In tune with the classic adage (that we also embrace here at Vuzo) – ‘Your [data?] scientists were so preoccupied with whether or not they could, they didn’t stop to think if they should.’, NYR of course also put data science into perspective, and included talks from Sonia Ang of Microsoft on the ethical implications of data science work, as well as Andrew Gelman himself, who offered an overview of 30 years’ worth of statistical mistakes and how to avoid them.
Last but certainly not least, I found it refreshing that data collection was also covered at NYR. Typically, conference talks tend to focus on analysis directly, rather than all the thought and effort that will have gone into collecting the necessary data in the first place.
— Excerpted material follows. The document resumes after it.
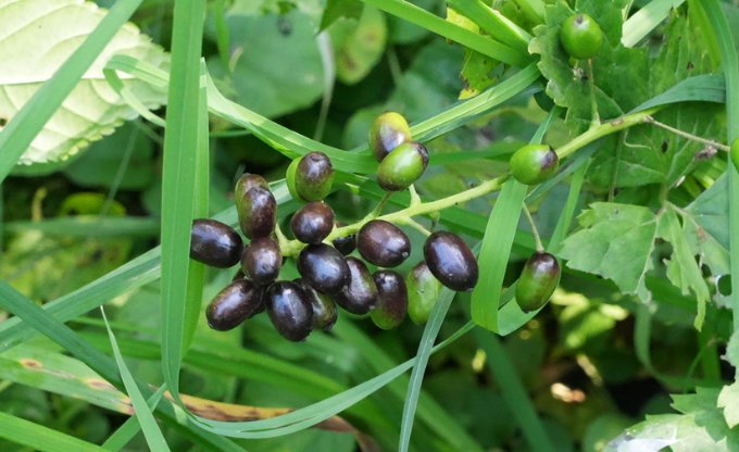 Nobriedusi un svara dēļ noliekusies vārpainās krauklenes augļkopa, iztālēm, pavirši aplūkota, zināmā mērā līdzinās tumšo vīnogu augļkopai.

In this case, we were treated to a fun talk about all the facets (and data) that go into measuring the K-Pop phenomenon (musical genre from Korea which has taken the world by storm) – from social, to economical, to cultural aspects.
Everyone contributed to a wonderful couple of days of learning, and I am deeply thankful to all the speakers for the time they invested to share their work. However, it would be remiss of me not to mention organisers – Jared Lander and Nicole DelGiudice – for all their work and dedication to bring everyone together. Notably, all this was in addition to Jared giving an excellent talk himself on GPU computing, which is no small feat when carried out in parallel with all the other organizational tasks!
You too can enjoy these talks soon, as organisers will be uploading the recordings here. Please do check for updates at your convenience. Meanwhile, I already cannot wait for next year’s NYR!